💪 Brain Exercises
🏠🏋️♀️ Monday – Walking with a Purpose
How to Do: Walk in a park or around your home while focusing on your steps and surroundings.
What You Need: Comfortable shoes and space to walk.
Benefits: Improves blood flow to the brain, reduces stress, and stimulates thinking.
🦶 Tuesday – Dancing
How to Do: Follow a simple choreography or dance freely to music you enjoy.
What You Need: Music and space to move.
Benefits: Enhances coordination, memory, and mood.
🨿 Wednesday – Balance Training
How to Do: Stand on one leg for 10–20 seconds, then switch. Use a wall for support if needed.
What You Need: Flat surface and optional chair or wall for balance.
Benefits: Supports coordination and prevents falls, promoting brain-body connection.
🧃 Thursday – Breathing and Mindfulness
How to Do: Sit or lie down comfortably. Breathe in deeply for 4 seconds, hold for 4, exhale for 4. Repeat for 5–10 minutes.
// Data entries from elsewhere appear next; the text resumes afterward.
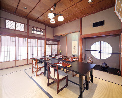 御座敷席の他、テーブル席もご用意「だるま料理店 〜会席料理〜」では、足元が不自由なお客様の為に、テーブル席もご用意しております。長時間の宴席もこちらの席ならゆったりとお楽しみいただけます。 |
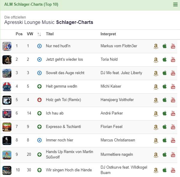 in den Top 30 der Apresski Lounge Charts dabei.
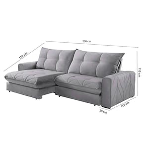 Dimensões: Altura: 110 cm Largura: 180 cm (02 Módulos de 90 cm) Largura do Sofá Com Braço: 230 cm Braço: 25 cm (Cada um) Profundidade : 117 cm (Fechado) Profundidade: 170 cm (Aberto)
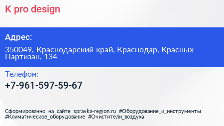 K-pro.design по адресу 350049, Краснодарский край, Краснодар, Красных Партизан, 134 в дальнейшем Организация, размещена в следующих категориях:

What You Need: Quiet space.
Benefits: Lowers anxiety, enhances focus, and strengthens neural pathways.
📈 Friday – Light Strength Training
How to Do: Use light weights or resistance bands for squats, arm curls, and leg raises.
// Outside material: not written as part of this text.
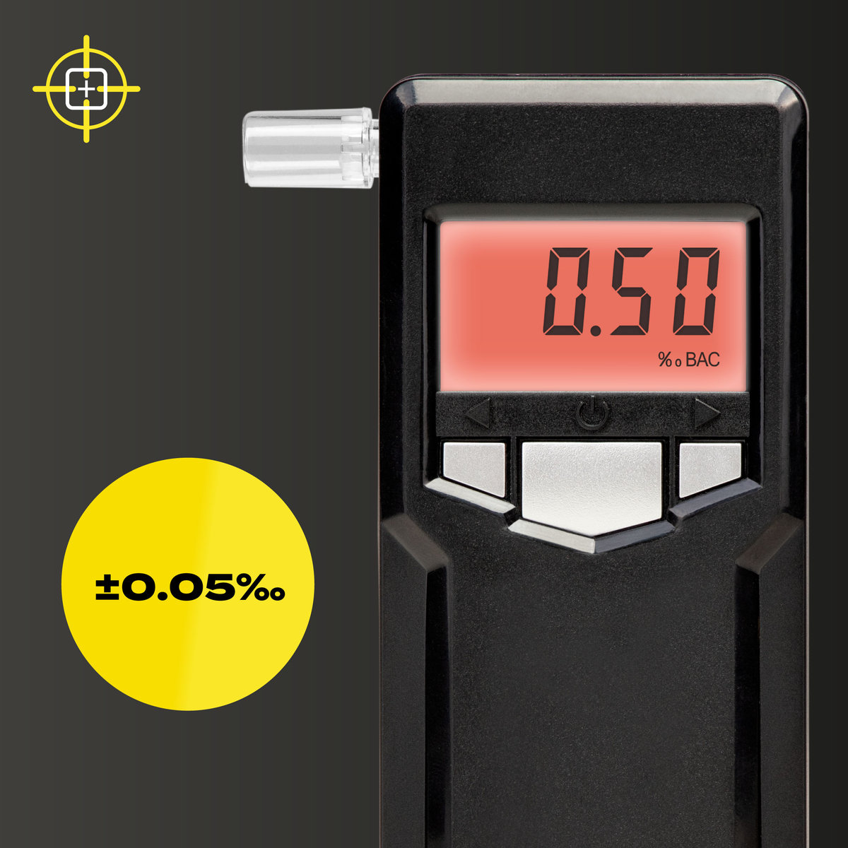 Oferowany alkomat wyświetla wynik pomiaru na ekranie oraz emituje sygnał dźwiękowy po zakończeniu badania. Co więcej, jego ekran zmienia kolor w zależności od zawartości alkoholu w wydychanym powietrzu. Dzięki temu jest naprawdę intuicyjny w obsłudze!

What You Need: Resistance bands or small dumbbells.
Benefits: Increases circulation, improves brain chemical activity, and builds muscle strength.
🌳 Saturday – Gardening or Nature Work
How to Do: Plant flowers, pull weeds, or water plants while staying mindful of textures and smells.
What You Need: Garden tools or potted plants.
Benefits: Reduces stress, promotes calmness, and engages sensory processing.
🚴 Sunday – Bicycle Riding
How to Do: Ride your bicycle in a safe area or use a stationary bike indoors.
What You Need: Bicycle or stationary bike and helmet.
Benefits: Improves cardiovascular health and boosts oxygen delivery to the brain.